1. I have two accounts set up in Thunderbird. I sent an email from one account to the other with an image as an attachment.

2. I repeated the above except that the image (same one) was embedded in the body of the email (copied and pasted).

I then ran a search of the sent mail in the first account, and the inbox in the second account, for a random three-letter text string. There was a hit, but only in the _embedded_ email. I opened up the source so that I could view the alphanumeric code for the image, and not surprisingly saw dozens of instances of the text string. I then did the same for the email with the image _attached_, and again saw dozens of instances. For whatever reason, however, the search only showed hits in the emails with the embedded image.

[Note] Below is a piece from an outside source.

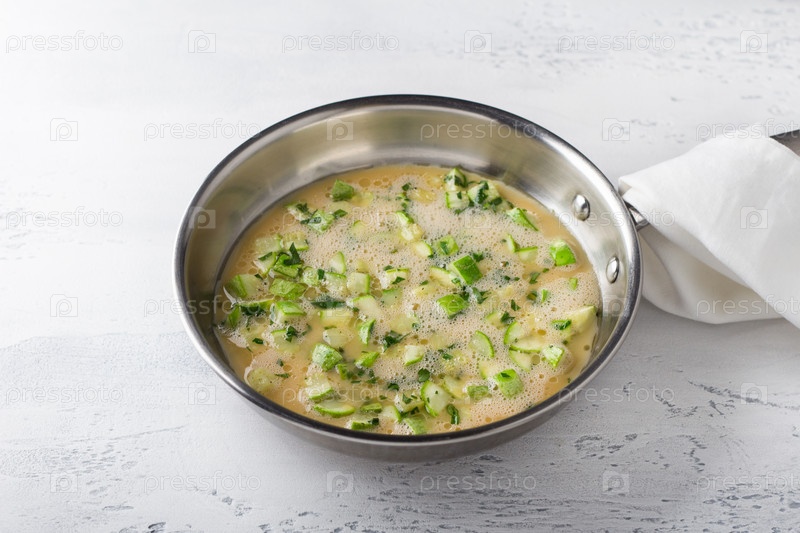 Жареные цуккини с петрушкой, залитые яйцами, на сковороде на светло-сером столе. Готовим вкусный омлет

However, when I tried sending the emails with the same image from non-Thunderbird interfaces (gmail, and a mail client [Eudora]) to one of the Thunderbird accounts, I got no hits. But I suspect certain other email interfaces such as Apple Mail - which I don't have and can't experiment with - can result in hits when received in my Thunderbird accounts.

There are, of course, some very simple workarounds for the original problem, if you have it at all. Very long words will probably not result in false hits due to correspondingly long odds against it. For searches of short words, add a second rule where the body of the message does NOT contain the text string zq. The latter would virtually never appear in normal text, but would be present in virtually any image.